At Concentrus, we build ROI accountability into every NetSuite and Acumatica implementation we deliver. A well-designed KPI dashboard is central to that promise because it’s how CFOs and controllers track whether their ERP investment is paying off, in real numbers, not gut feelings. Without one, you’re flying blind. With the right one, you have a command center for confident decision-making.

This article breaks down the types of KPI dashboards, walks through real examples, and covers the best practices that separate useful dashboards from decorative ones. Whether you’re planning a new ERP implementation or trying to get more value from a system that’s already live, this guide will help you understand what to build, why it matters, and how to make it work for your team.
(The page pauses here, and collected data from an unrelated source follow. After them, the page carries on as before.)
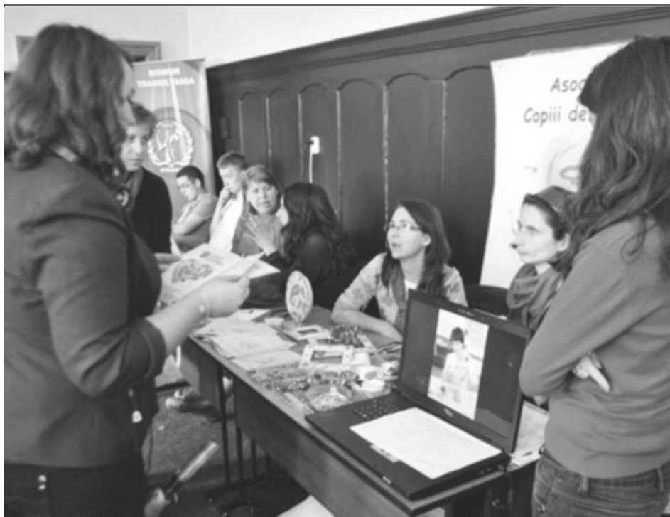
Târg dedicat în exclusivitate celor care doresc să facă voluntariat

Ca și în anii trecuți organizațiile vor avea la dispoziție un stand în care își vor promova proiectele și activitățile, precum și un spațiu comun pentru ateliere și activități demonstrative de voluntariat. O noutate a acest-
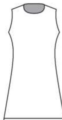
女子のみ ワンピース (襟なし) ゲームウェア
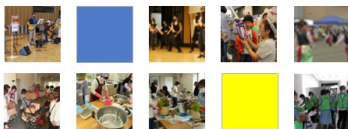
メーロプラザの6割のイベントは、市民や団体が参加する実行委員会や協働により運営されています。
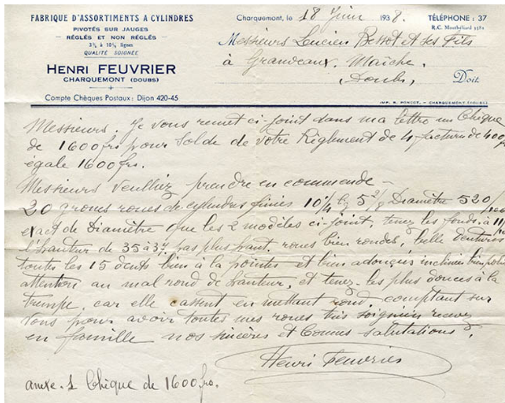
Papier à en-tête de la fabrique d'assortiments à cylindre Henri Feuvrier, 18 juin 1938. 25, Charquemont, 15 rue du Général Leclerc
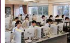
ビジネス文書実務検定
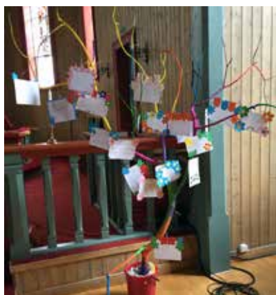
Ønsketre laget av 3. og 4. trinn på Saltstraumen skole til skolegudstjenesten 9. Juni»

Håpet får gripe det kommende daggy Englenes lovsang skal sprengre vårt mørke. Se, her blant mennesker finnes Guds bolig! Ingen er lenger alene på jorden.
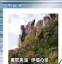
裏耶馬溪 伊福の景
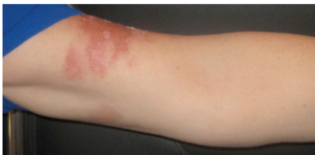
Obr. 4. Účastnice kongresu AAD Miami (duben) – 72 hodin po kontaktu se šťávou z limetky

Jde o divoce rostoucí i ušlechtilé byliny s typickým květenstvím – okolík (jednoduchý či složený) – obrázek 5. Obsahují významné množství furanokumarinů. Nejstarší využívaný zástupce pro fototoxické účinky je Morač větší, syn. Pakmín větší ( Ammi majus , false Bishop's weed).
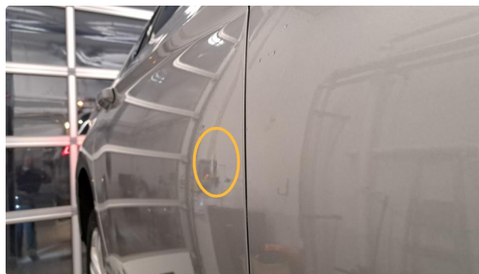
1.2 Flere p-bulker
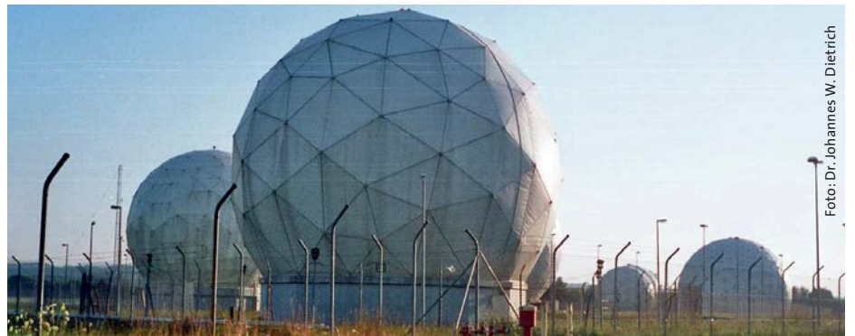
Bad Aibling Station - wurde hier Wirtschaftsspionage betrieben?

Der Bundesnachrichtendienst (BND) soll dem US-Geheimdienst NSA über Jahre hinweg möglicherweise unwissentlich geholfen haben, europäische Unternehmen und Politiker auszuforschen. Dazu soll die NSA dem BND Listen mit Tausenden Suchwörtern (Selektoren) übermittelt haben. Das Parlamentarische Kontrollgremium und der NSA-Un-
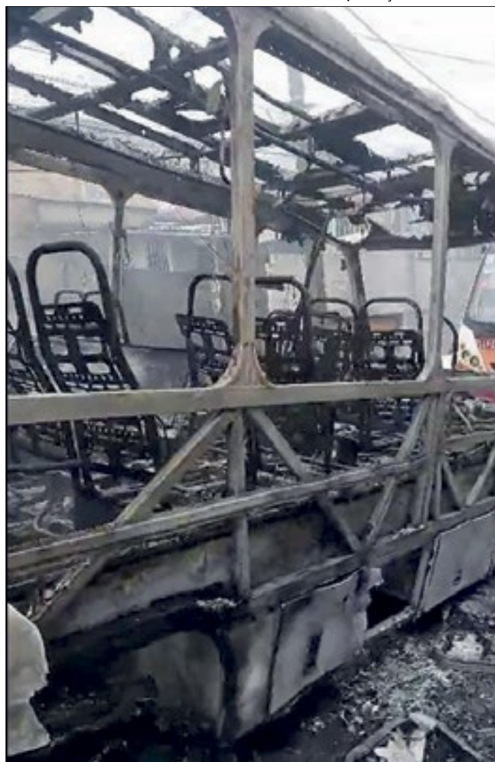
Caso aconteceu na madrugada desta terça-feira (05), no bairro Siméria em Petrópolis
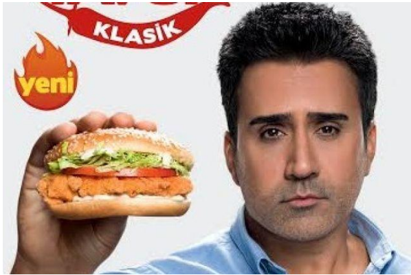
Slika 3. Hamburger McDonald`s
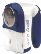
Lint remover CR 9606
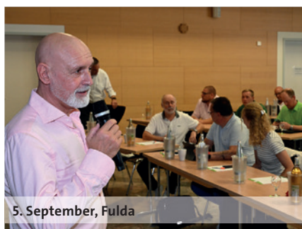
5. September, Fulda
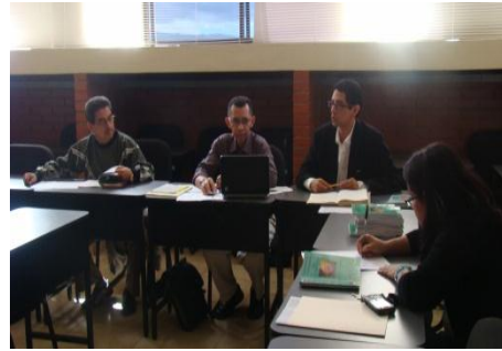
Reunión con VRIP, DPL y Enlaces de Investigación 01.11.11
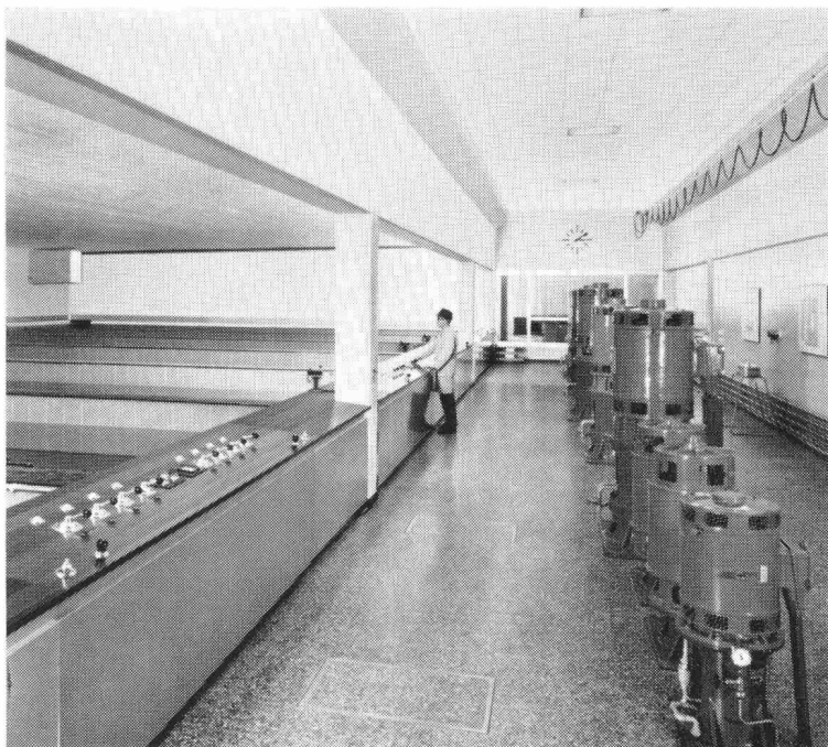
Schnellfilteranlage «Champ-Bougin» der Stadt Neuenburg für das Aufbereiten von Seewasser zu Trinkwasser. Leistung 1800 m 3 /h
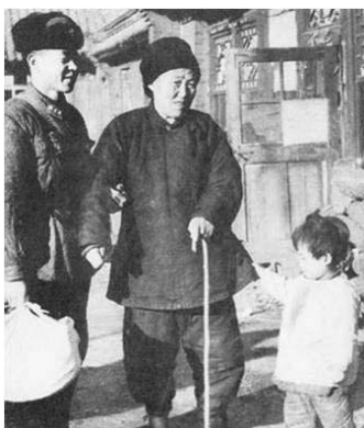
▲ 扶老携幼,还有随身摄影师跟随抓拍精彩瞬间,真是“好人”有“好事”啊。

光,你是否照亮了一分黑暗?”,这是散文吗?不是。“人的生命是有限的,可是,为人民服务是无限的,我要把有限的生命,投入到无限的为人民服务之中去。”这是哲学家的
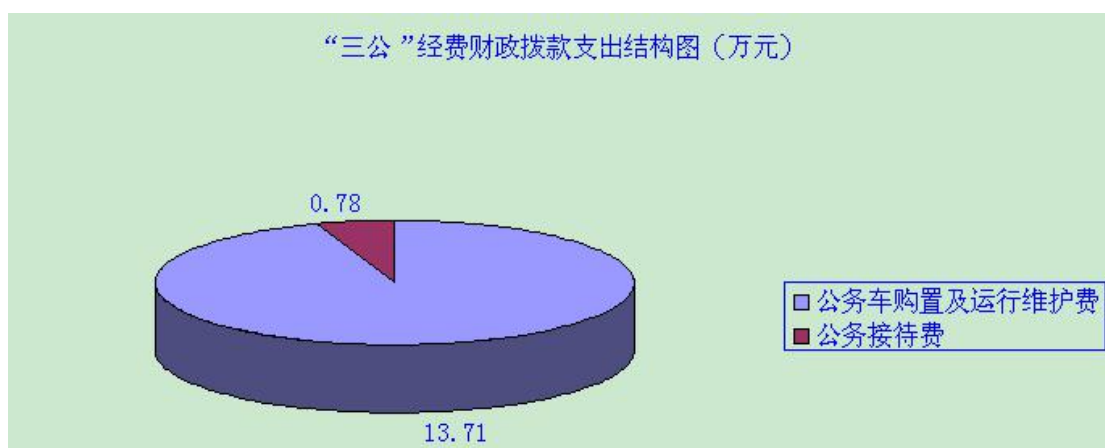
(图 7：“三公”经费财政拨款支出结构)
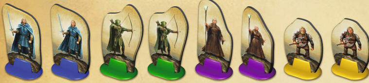
Guerrier Guerrière Archer Archère Magicien Magicienne Nain Naine
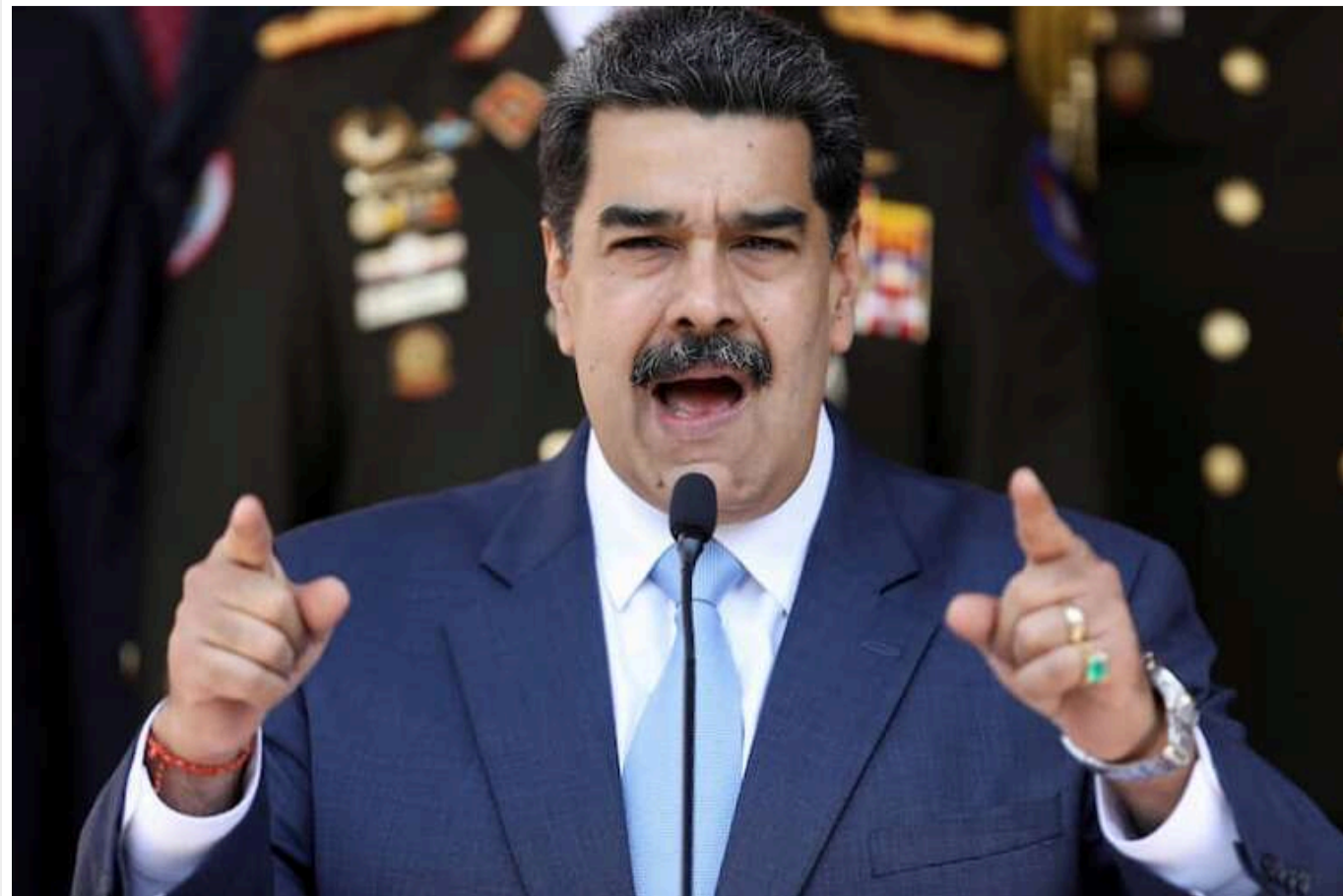
Мадуро зібрався "звільнити" від США Пуерто-Ріко

Ніколас Мадуро, самопроголошений президент Венесуели, заявив про готовність "вторгнутися" в Пуерто-Ріко й "звільнити" цю територію від США.

Why KPI dashboards matter for finance teams

Finance teams at midsized companies deal with more data than ever, but volume alone doesn’t translate into better decisions. Without a structured way to surface what matters, your team ends up pulling reports manually, reconciling numbers from multiple sources, and spending hours answering questions that a well-built dashboard could answer in seconds. Understanding what is a KPI dashboard is the starting point for turning that problem around.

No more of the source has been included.